她诧异地看了对方一眼,然后微微笑了笑:“喂,我不能陪你玩了啊。”
飞坦看了一眼这个进去一圈就又变得红光满面的女人,“你想跑吗?”
七月眨了眨眼,有些苦笑不得,她又不是输家,他们有输有赢的好伐?怎么能算跑?她冲那个男孩摇了摇头,一脸轻松的说道:“我啊,要死了呀。”
飞坦点了点头,示意七月继续说,一点都没有为七月的死亡宣言而有什么感触。
“所以啊,在死掉之前我要向‘我’喜欢的人告白呢。”七月有些诡异的翘起了嘴角,“所以啊,我得快点去找他呢,省的死在了半路上,真是做鬼也不能甘心呢。”

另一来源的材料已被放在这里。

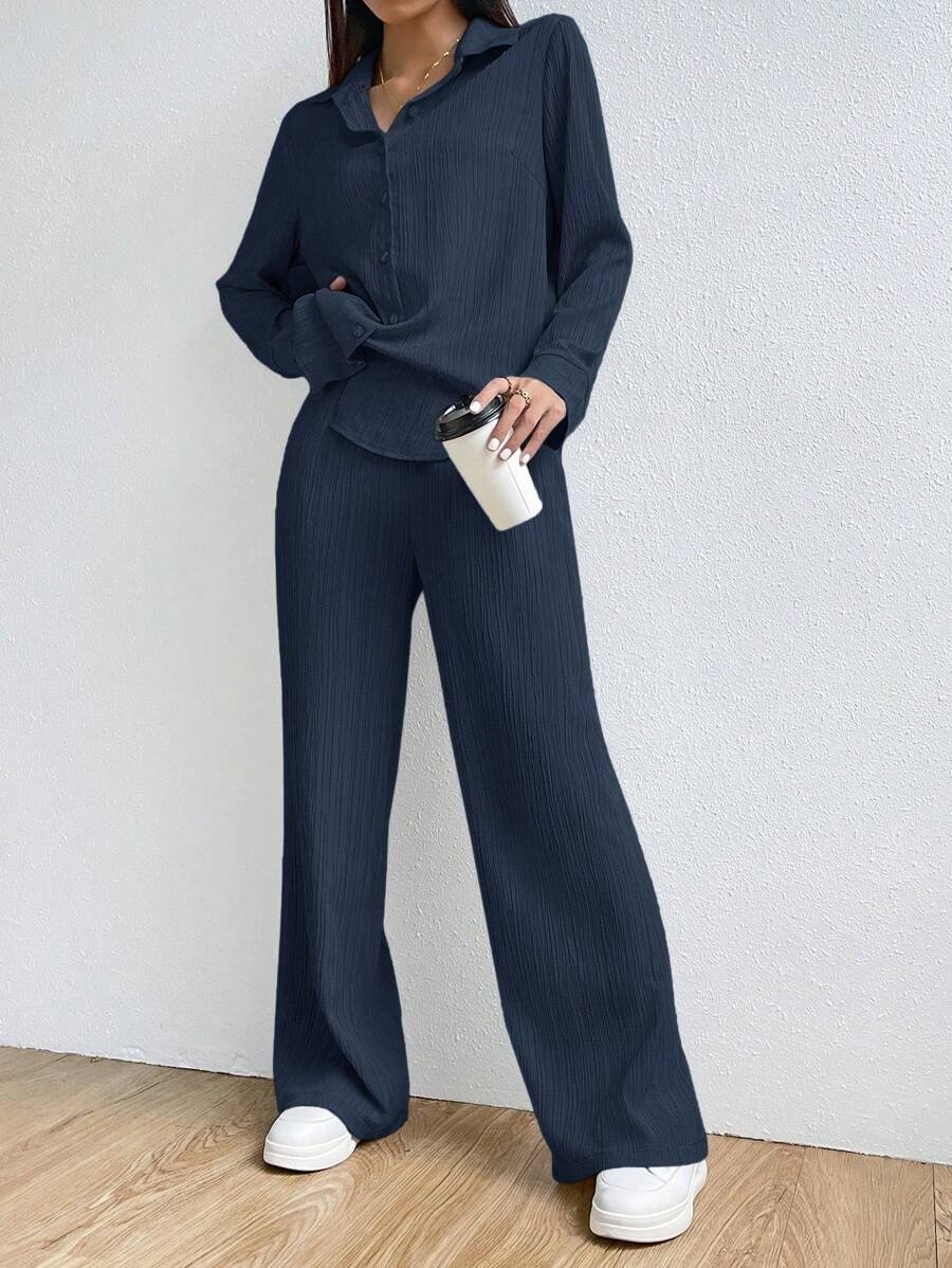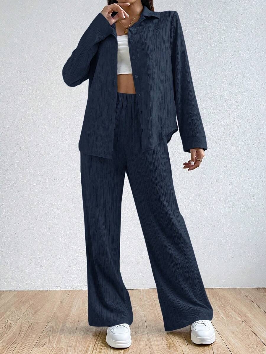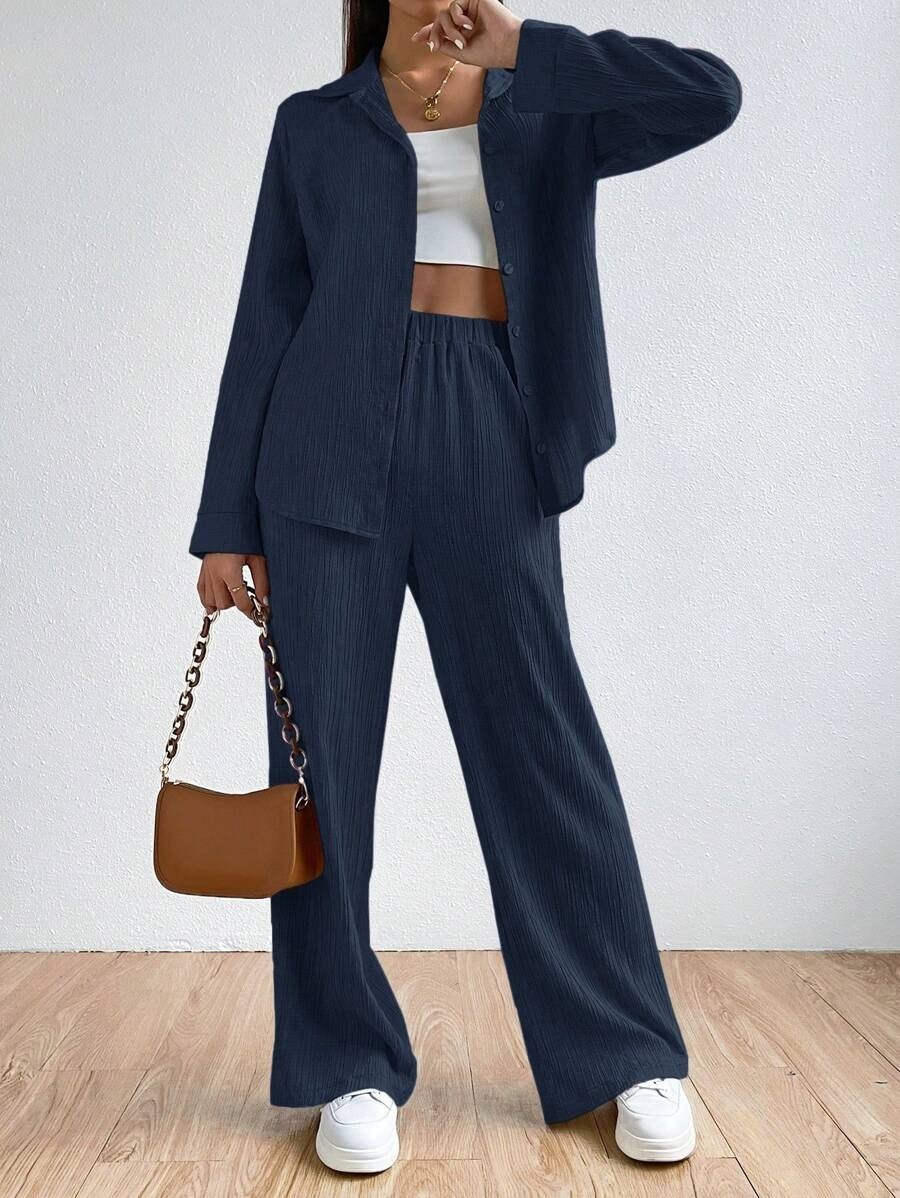 SHEIN EZwear Ladies’ Solid Color Simple Daily Wear Shirt And Pants Two-Piece Suit

飞坦莫名地皱起了眉头,告白?那是什么东西?他从来没对人告白过,也从来都没收到过别人的告白。
他看着这个从他身边走过的女子,觉得完全不能理解。
告白?这是流星街以外的女人喜欢做的事情?还真是……无趣呢……
原来,连这么能玩游戏,这么有趣的女人,除开玩游戏的时候,也会是那么的无趣吗?
他看了看这个已经从他身边走过的女人,深感这个女人除了玩游戏以外就没了任何的价值。
于是,他自动自发地做了他这辈子的第一件“好事”。
就是帮这个自称是快要死了的女人来展现她生命最大的价值。
他举起了他手中的阳伞,对准了那个女人的头顶,非常骄傲的下达了命令:“喂,女人,陪我玩游戏,不然,就死!”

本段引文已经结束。